* WORK REQUIRED *
Restate all the data word for word and omit the pictures.

* COLLECTED DATA *
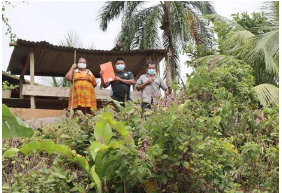
La familia Becker ha trabajado estas tierras por más de 30 años; lo que obtienen lo emplean en los estudios de Derecho de su hijo.

En esta provincia han sido beneficiadas 400 familias.
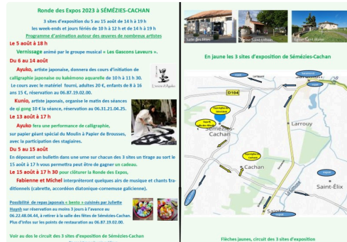
programme ronde des Expos 2023 Séméziez-Cachan (2).jpg

* ANSWER FOR THE TASK *
La familia Becker ha trabajado estas tierras por más de 30 años; lo que obtienen lo emplean en los estudios de Derecho de su hijo.

En esta provincia han sido beneficiadas 400 familias.
programme ronde des Expos 2023 Séméziez-Cachan (2).jpg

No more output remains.